Secondary Logo

Journal Logo

Rectal Prolapse and Cystic Fibrosis

El-Chammas, Khalil I.*; Rumman, Nisreen; Goh, Vi Lier; Quintero, Diana§; Goday, Praveen S.||

Journal of Pediatric Gastroenterology and Nutrition: January 2015 - Volume 60 - Issue 1 - p 110–112
doi: 10.1097/MPG.0000000000000546
Original Article: Pancreatology
Free

ABSTRACT Screening for cystic fibrosis (CF) is suggested in patients with rectal prolapse (RP). Little is known about the association between CF and RP in the era of newborn screening for CF. Our retrospective review showed that 3.6% of patients with RP had CF, and 3.5% of patients with CF had RP. No demographic or clinical factors appear to predict the likelihood of RP in patients with CF. Sweat chloride testing for patients with RP has a low yield in the era of newborn screening but may still need to be considered in children with RP to avoid missing the rare child with CF.
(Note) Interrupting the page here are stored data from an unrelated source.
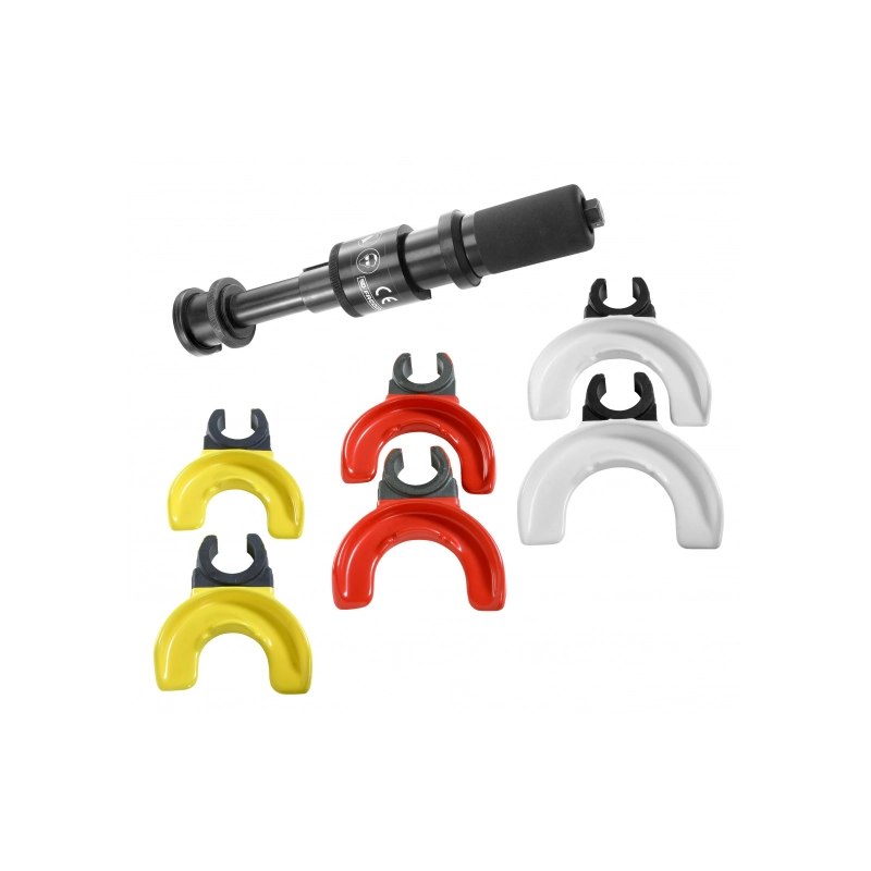 - • Entretoise mobile permettant deux positions de travail pour les coupelles.
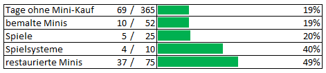 Chaoself Geschrieben am 6. Dezember 2022 Geschrieben am 6. Dezember 2022 (bearbeitet) C-11 Buy low / paint max Challenge 2023 Hier also die C -11 Variante. 2022 habe ich einmal fast 100 no buy Tage geschafft. Die Marke soll in 2023 getoppt werden. Ziel: 2022 schlagen✅ 2023: 151 Tage 01.06.2023 Sonderbudget: 180 Euro für Figuren. Rest 54 Erreichte Buy low - Ziele Aktuelle Tage ohne Figuren: 45 Tage Letzter Kauf 2× HdR am 01.06.2023 3 x HdR am 28.07.2023 Hdr Box 24.08.2023 - Bemalte Figuren in 2033 180 Low Buy Achievement: 2022 97 Tage 2023 151 Tage bearbeitet 9. Oktober 2023 von Chaoself 15 365 Figuren an 365 Tagen: 2021✅ 2022✅ 2024 ✅
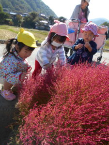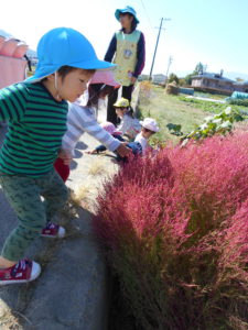 真っ赤に色付き、ひときわ目立つほうき草に吸い寄せられて行く子供たち。
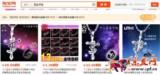 搜索“星座項鏈”,競爭寶貝有幾萬件,大家的思路幾乎都是一樣的:十二星座可選!然后你就會看到,詳情頁介紹的時候都是一樣的:材質、款式、細節……,那就競爭吧,激烈的價格競爭!這種情況下,絕對的價格優勢一般會出現在規模最大的那個店鋪上!
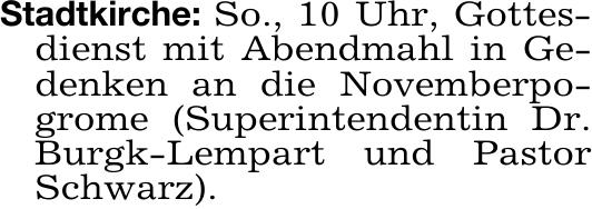Stadtkirche: So., 10 Uhr, Gottes-dienst mit Abendmahl in Ge-
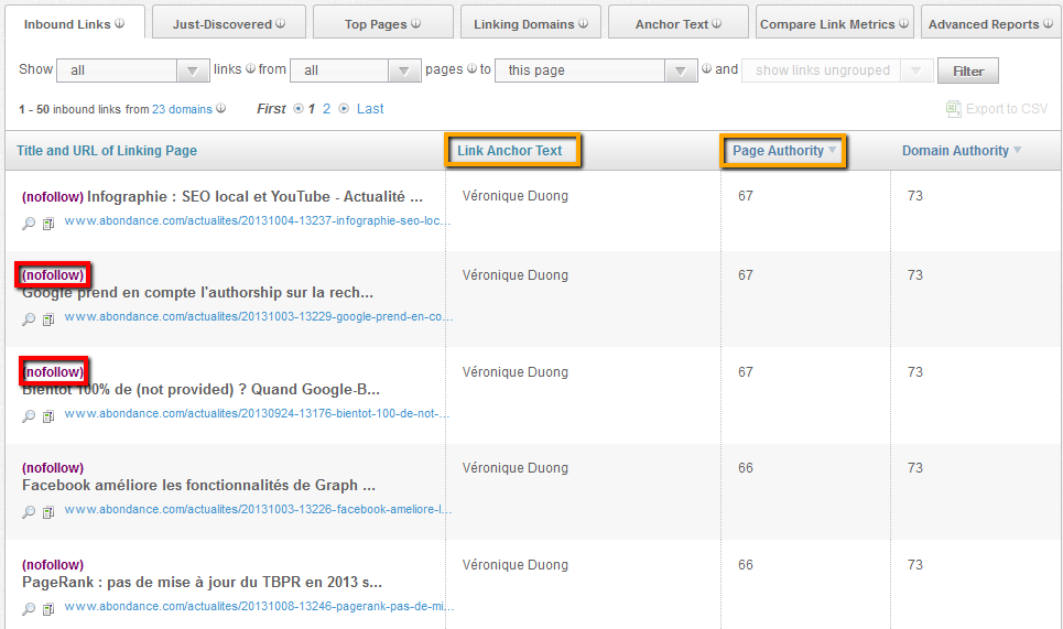 Dans les exemples ci-dessus, les liens sont issus des commentaires sur les blogs d’oĂč les liens en nofollow. L’ancre utilisĂ©e est mon nom et mon prĂ©nom (VĂ©ronique Duong) comme vous pouvez le voir. On peut aussi observer l’autoritĂ© de la page qui pointe vers le mien.

*Mercy Medical Center, Department of Pediatrics, Pediatric Gastroenterology, Hepatology and Nutrition, Des Moines, IA

Division of Pediatric Pulmonology, Department of Pediatrics, Makassed Hospital, Jerusalem, Israel

Division of Pediatric Gastroenterology, Hepatology, and Nutrition, Department of Pediatrics, Boston University, Boston, MA

§Division of Pediatric Pulmonology, Department of Pediatrics

||Division of Pediatric Gastroenterology, Hepatology, and Nutrition, Department of Pediatrics, Medical College of Wisconsin, Milwaukee.

Address correspondence and reprint requests to Khalil El-Chammas, MD, MS, 330 Laurel St, Suite 1200, Des Moines, IA 50314 (e-mail: kel-chammas@mercydesmoines.org).

Received 6 June, 2014

Accepted 21 August, 2014

The authors report no conflicts of interest.

Rectal prolapse (RP) is a circumferential, full-thickness protrusion of the rectal wall through the anal orifice (1). Although the exact incidence of RP has not been determined, it is common and self-limited in children younger than 5 years, with almost equal sex incidence (2,3). Various anatomical variants and medical conditions including cystic fibrosis (CF) predispose a child to developing RP (4).

An early review of CF revealed that 23% of patients with CF experienced RP and that 78% of these patients experienced RP before diagnosis of CF. This led to the recommendation that CF should be considered in a child with RP of unknown etiology (5). Stern et al (6) revisited this recommendation in 1982, showing that RP preceded the diagnosis of CF in 43% of these patients. RP led directly to the diagnosis of CF in approximately 20% of patients; after CF diagnosis, RP resolved with pancreatic enzyme replacement therapy (PERT) in 72% of patients. This led them to recommend that unexplained RP should undergo sweat chloride testing for CF. Most children with prolapse, however, do not have undiagnosed CF, particularly in the absence of other symptoms (6,7).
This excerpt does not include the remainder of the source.